Enhancer haplotypes were generated from short, doped oligonucleotides using polymerase cycling assembly (PCA) as previously described [17]. Sets of overlapping oligonucleotides for each eExon were designed using DNAWorks [45]. Oligonucleotides were synthesized by Integrated DNA Technologies. All positions corresponding to the enhancer region (except for the flanking primer landing sites on either side of the enhancer) were synthesized using a hand-mix doped at a ratio of 97∶1∶1∶1 (that is, designated base at a frequency of 97%, and every other base at a frequency of 1%). The degenerate tags were first cloned to create a complex library of tagged pGL4.23 plasmids as described in Patwardhan et al, 2012 [17]. Briefly, the tag oligonucleotide (TAG_OLIGO) was made double-stranded using primer extension in a 50 µl reaction volume with 1× iProof Master Mix, 0.5 µg single-stranded tag oligo, 0.5 µg reverse primer (TAG_EXTEND). The reaction was incubated at 95°C for 3 min, 61°C for 10 min and then 72°C for 5 min. The product was purified using a QIAquick column and eluted in 50 µl EB. It was further subjected to ExoI treatment in 40 µl reaction volume for 1 h at 37°C to degrade any remaining single-stranded DNA, and purified again using QIAquick columns.
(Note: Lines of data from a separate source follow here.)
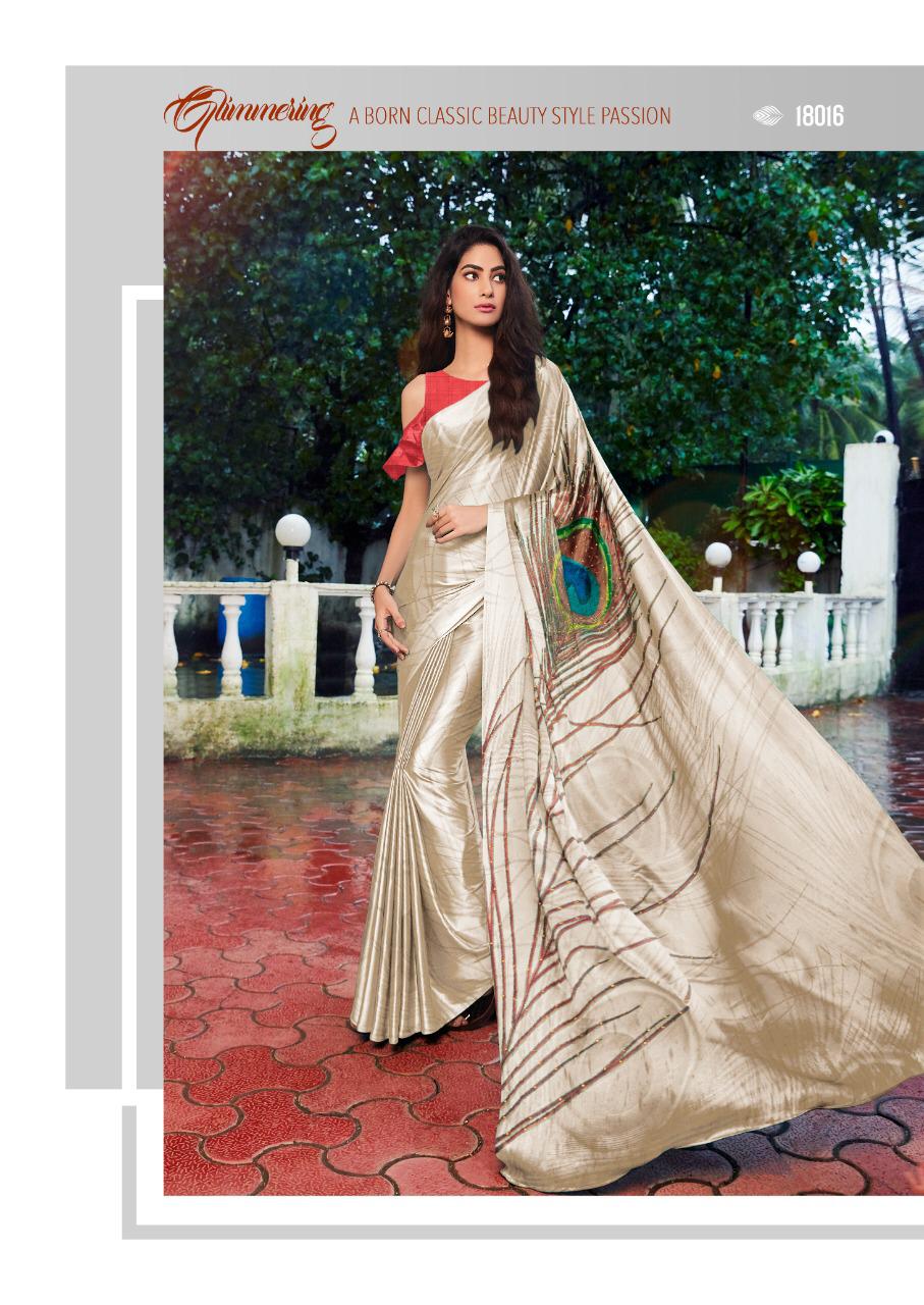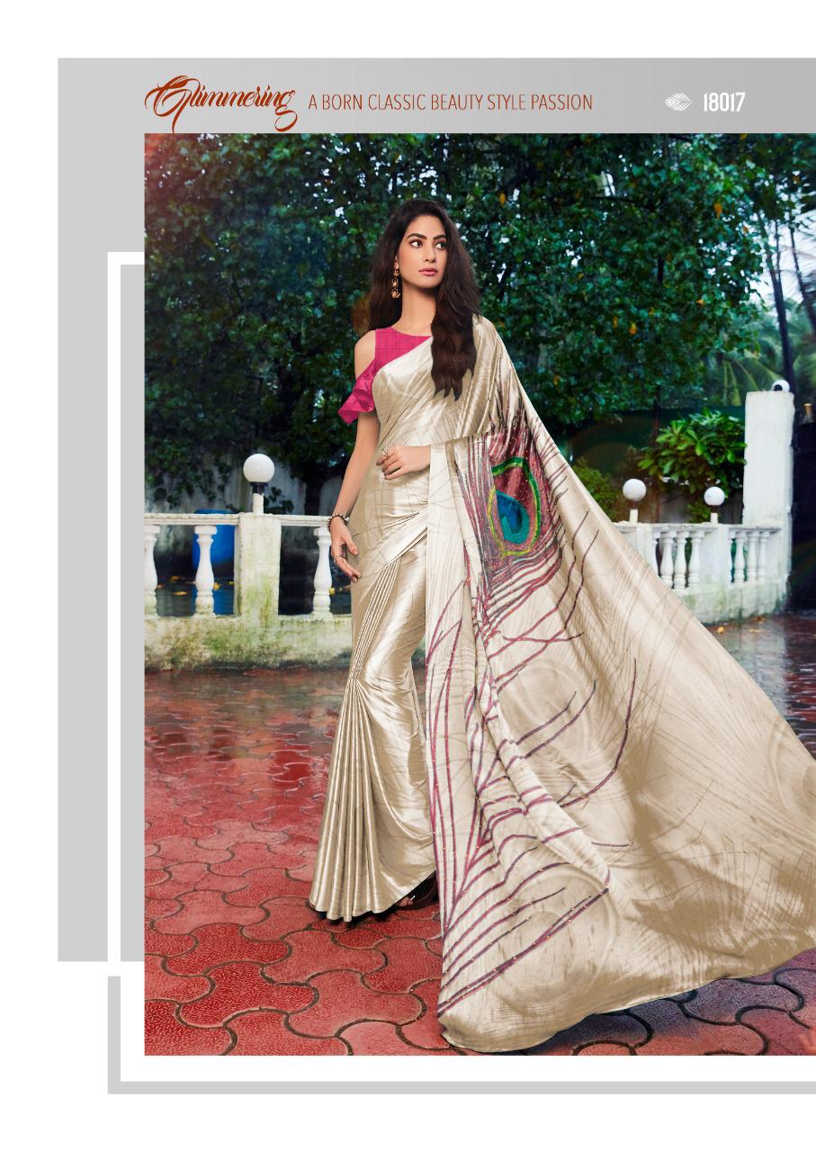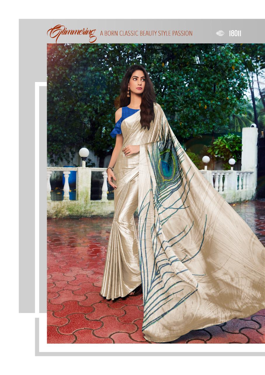 MINTORSI Designer Saree Cataloge Name - morpankh satin colours Total Design - 8 Fabric - satin silk with exclusive handprint and stone diamond work * set & loose & Singel * Series - 18011 to 18017. Per Pcs Rate -805+gst 5 Percent Extra. Single extra 100 Delivery from tomorrow |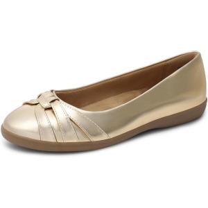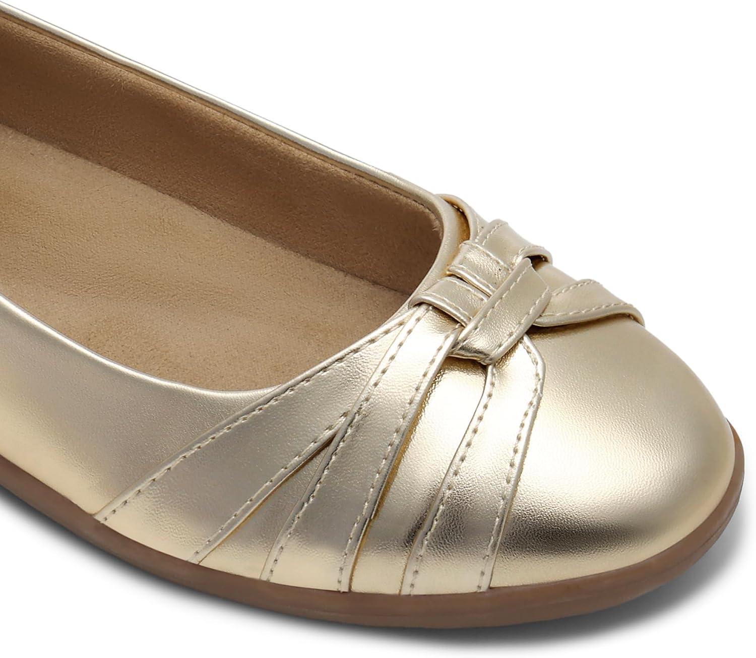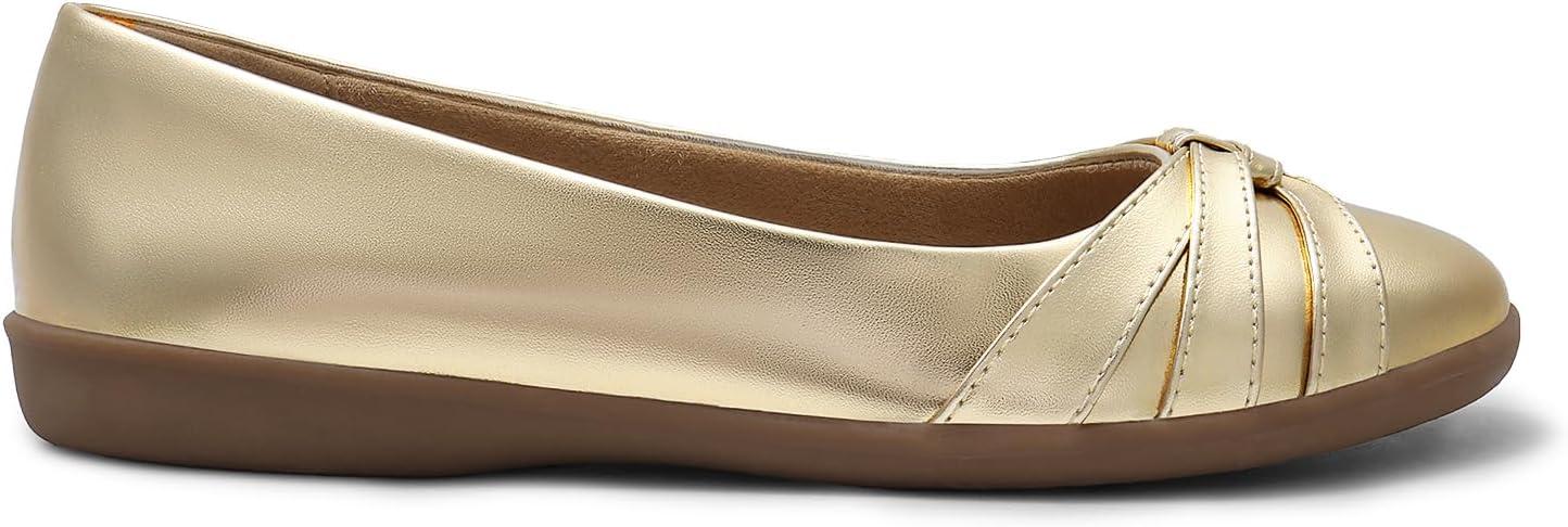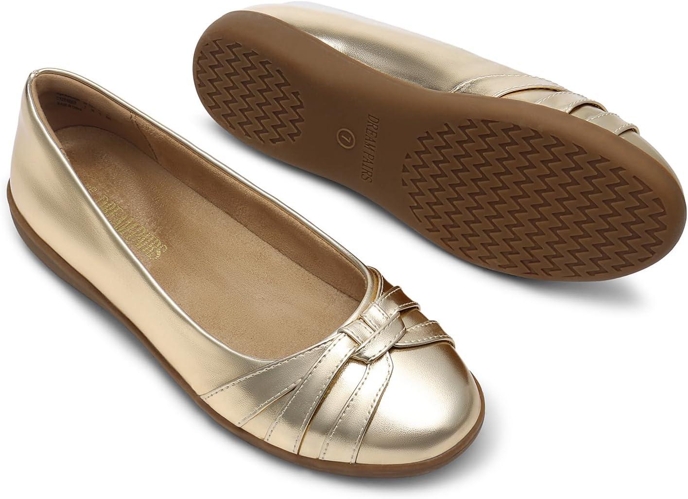 DREAM PAIRS Women’s Ballet Flats, Comfortable Round Toe Slip on Dressy Work Office Shoes with Arch Support(Gold)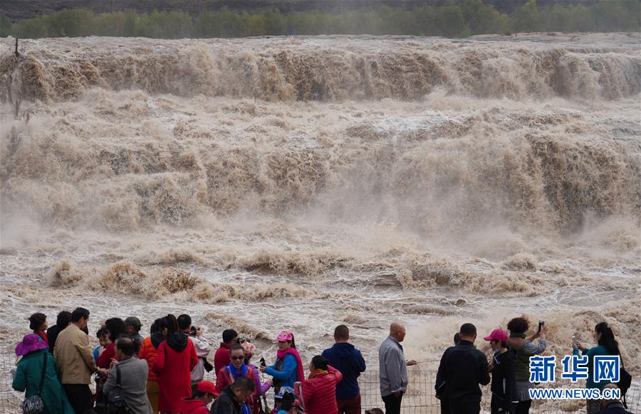 受近日降雨影響,位于山西吉縣的壺口瀑布水量增大,壯美的瀑布群景觀吸引眾多游客前來觀賞。新華社記者楊晨光攝
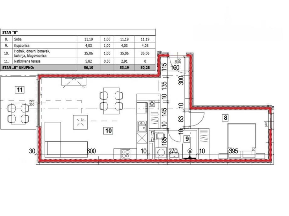 Stan korisne površine 53,19 m2 sastojati će se od hodnika, dnevnog boravka, kuhinje, blagovaonice, spavaće sobe, kupaonice te natkrivene terase.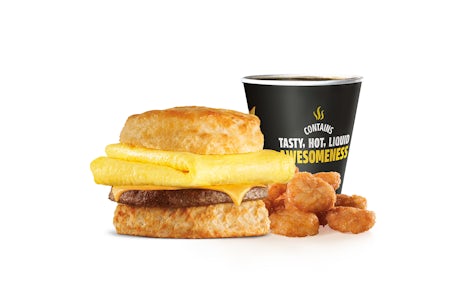 Grilled sausage, folded egg, American cheese on a buttermilk biscuit. Served with Hash Rounds® and a Coffee. Breakfast served until *10:30am (*Hours may vary by day)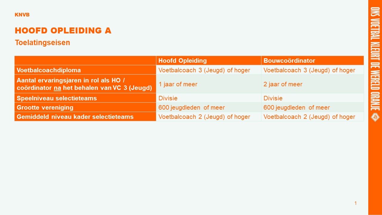 Het diploma Hoofd Opleiding A wordt toegekend aan hen, die alle Proeven van Bekwaamheden met goed gevolg hebben afgelegd. Het opleidingsprogramma en de beschrijvingen van de diverse Proeven van Bekwaamheden zijn terug te vinden in de digitale leeromgeving Dugout.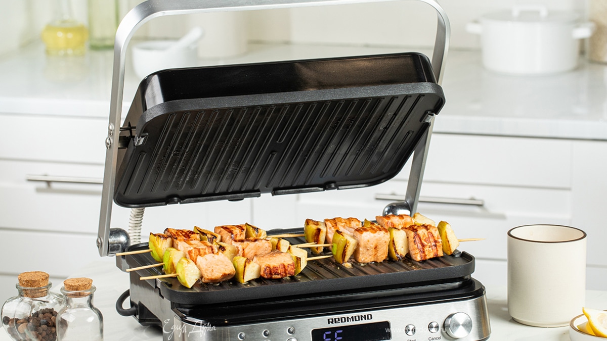 Обжарьте шашлычки на гриле REDMOND SteakMaster RGM-M819D до золотистой корочки в течение 5–7 минут. Не забудьте несколько раз повернуть шпажки, чтобы угощение пропеклось равномерно. - Шаг 10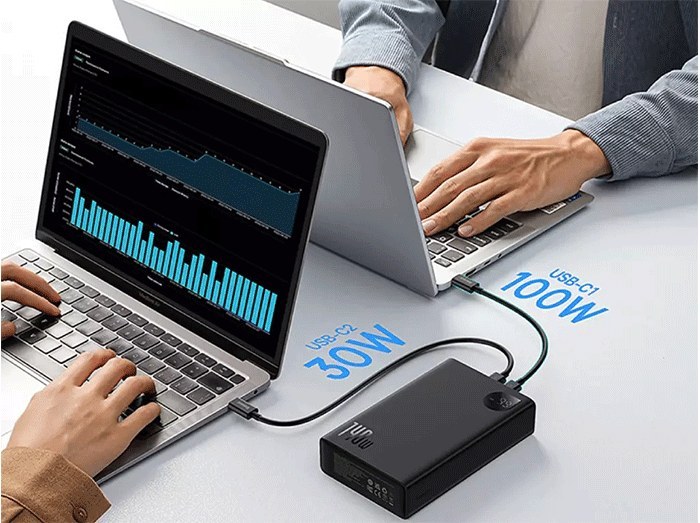 شارژ سریع 140 واتی با قابلیت پشتیبانی از پروتکل های شارژ سریع SCP, QC. PD دارای 1 پورت ورودی جهت شارژپاوربانک Type-C دارای سه پورت خروجی USB-A۱ و Type-C 1 و Type-C 2 نوع باتری: لیتیوم پلیمر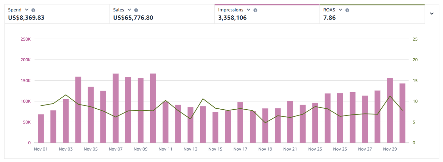 In November 2024, the campaign continued to drive strong results, generating $65,776.80 in sales from a spend of $8,369.83, achieving a ROAS of 7.86. The campaign garnered over 3.3 million impressions, indicating sustained visibility. Strategic budget allocation and engaging ad creatives played a crucial role in maintaining high performance. Sales peaked during key shopping days, leveraging consumer demand and timely promotions.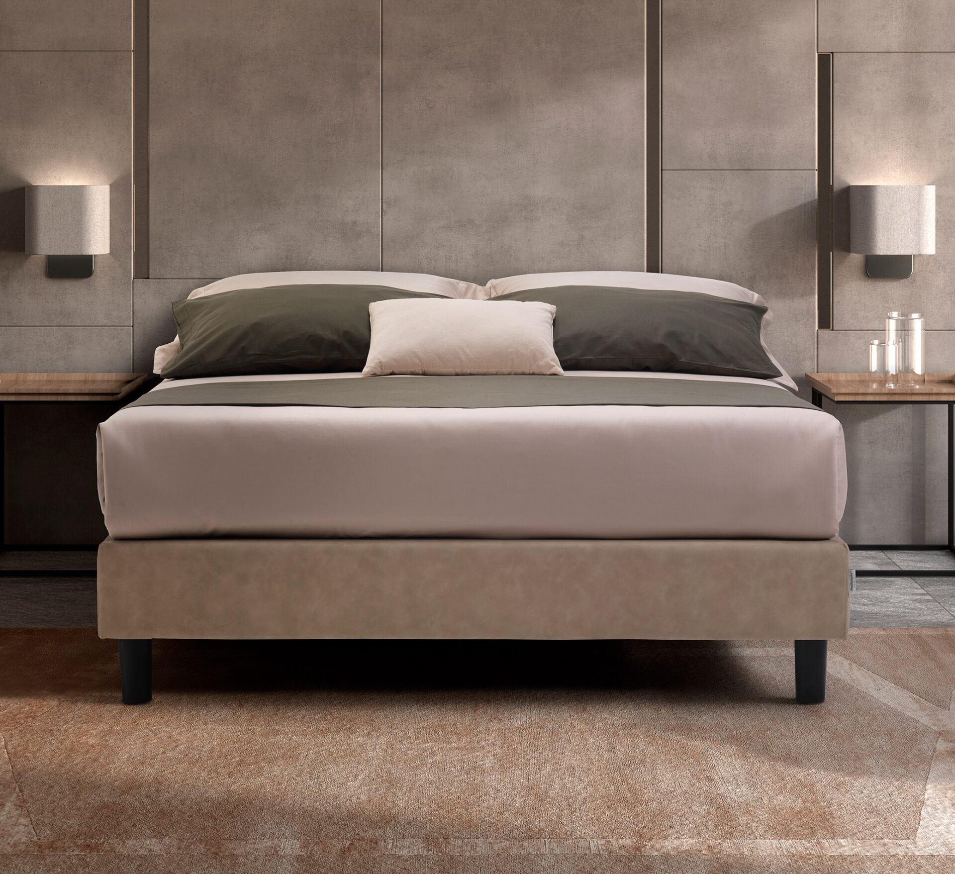 Accessoires standards:Pieds et roulettes en PVC noir de 6/12/15 cm de hauteur, crochet de liaison (pour version simple) et baïonnette, si associé à la tête de lit du lit.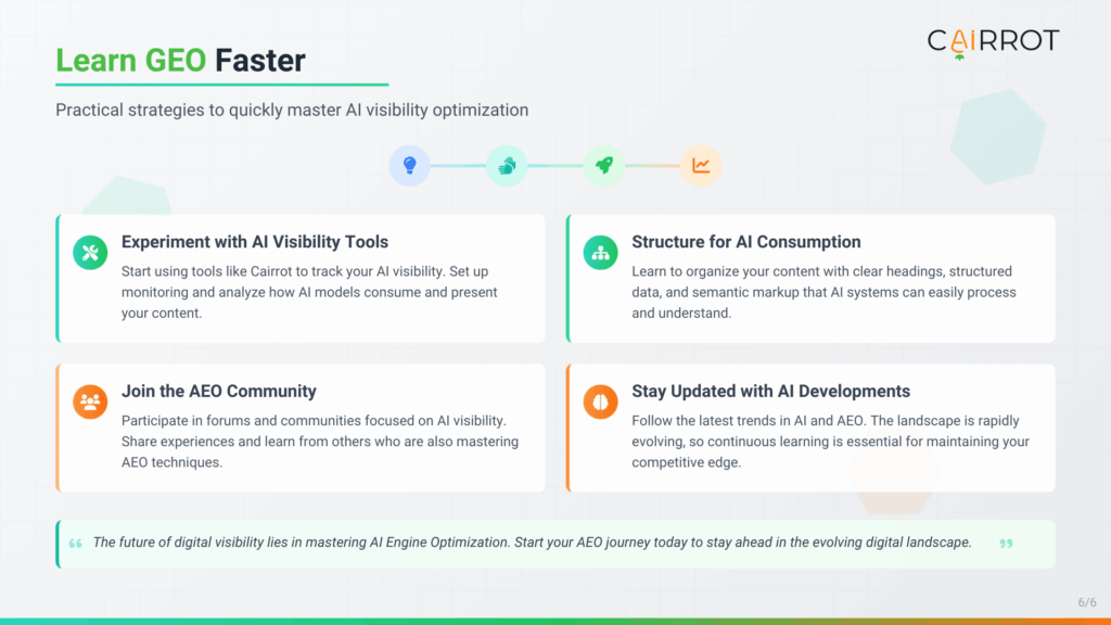 The field of GEO is evolving at a breakneck pace, but you can get up to speed quickly by focusing on a combination of foundational knowledge, practical application, and following the right experts. Here are some tips to accelerate your learning: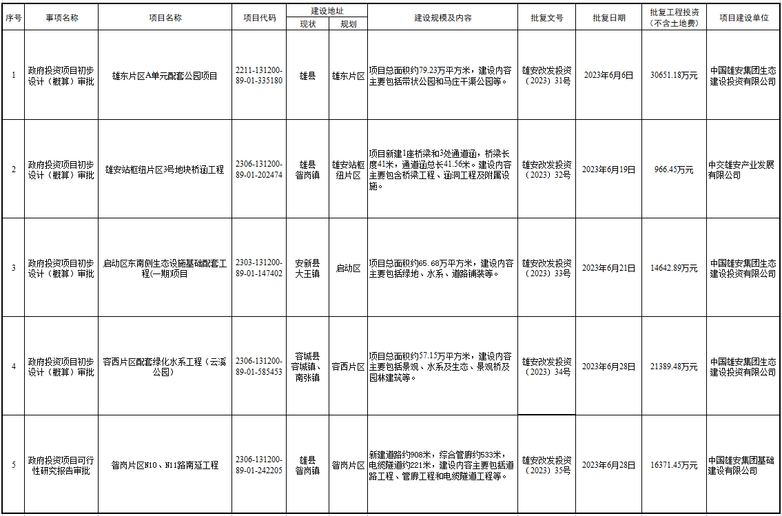 雄安新区政府投资项目审批结果公示(2023年6月份)

The resulting double-stranded tag oligo was then cloned into pGL4.23 at the XbaI site (at 1,799 bp) using standard InFusion (Clontech) protocol. The InFusion reaction was diluted to 100 µl using TE8. 1.5 µl of the diluted cloning reaction was used to transform 50 µl of chemically competent FusionBlue cells (Clontech) using standard protocols. The enhancer haplotypes were then cloned into the tagged pGL4.23 plasmids using standard InFusion protocol. 2.5 µl of the cloning reaction was used to transform 50 µl of chemically competent cells (Stellar) using standard protocol. For each of the three enhancers, eight transformation reactions were pooled and grown overnight in 50 ml liquid culture at 37°C in a shaking incubator. DNA was extracted using the Invitrogen ChargeSwitch Midi Prep Kit.

Cell culture and reporter assays

1–2×10⁵ of HepG2, HEK293T and HeLa cells (ATCC) were cultured in 24 well plates overnight using standard protocols and were transfected with 500 ng of the enhancer candidate cloned into pGL4.23 plasmid, along with 50 ng of the Renilla vector, to correct for transfection efficiency, using X-tremeGENE HP DNA transfection reagent (Roche). After 24 hours, the enhancer activity was measured using the Dual-Luciferase reporter assay (Promega) on a Synergy 2 microplate reader (BioTek Instruments). In HEK293T, the enhancer variant vectors were co-transfected along with 100 ng of HNF4α2 and HNF4α8 expression constructs for HNF4A [46] and c-Fos and c-Jun for AP-1, which is a heterodimer of c-Fos and c-Jun [47]. 500 ng of the luciferase reporter construct pZL.HIV.LTR.AI-4 [48], that contains four tandemerized HNF4 response elements was used as a positive control for HNF4A transfection and 500 ng of pGL4.13 (Promega) that contains an AP-1 responsive element was used as a positive control for c-Fos and c-Jun transfections [49]. For MPRA libraries, 1–2×10⁶ HeLa cells were cultured on 10 mm culture dishes overnight using standard protocols and transfected with 10 µg of the constructed library. After 24 hours, cells were harvested and total RNA was purified using the RNAeasy maxi prep kit (Qiagen) and subjected to mRNA selection (Oligotex, Qiagen) following the manufacturer's protocols.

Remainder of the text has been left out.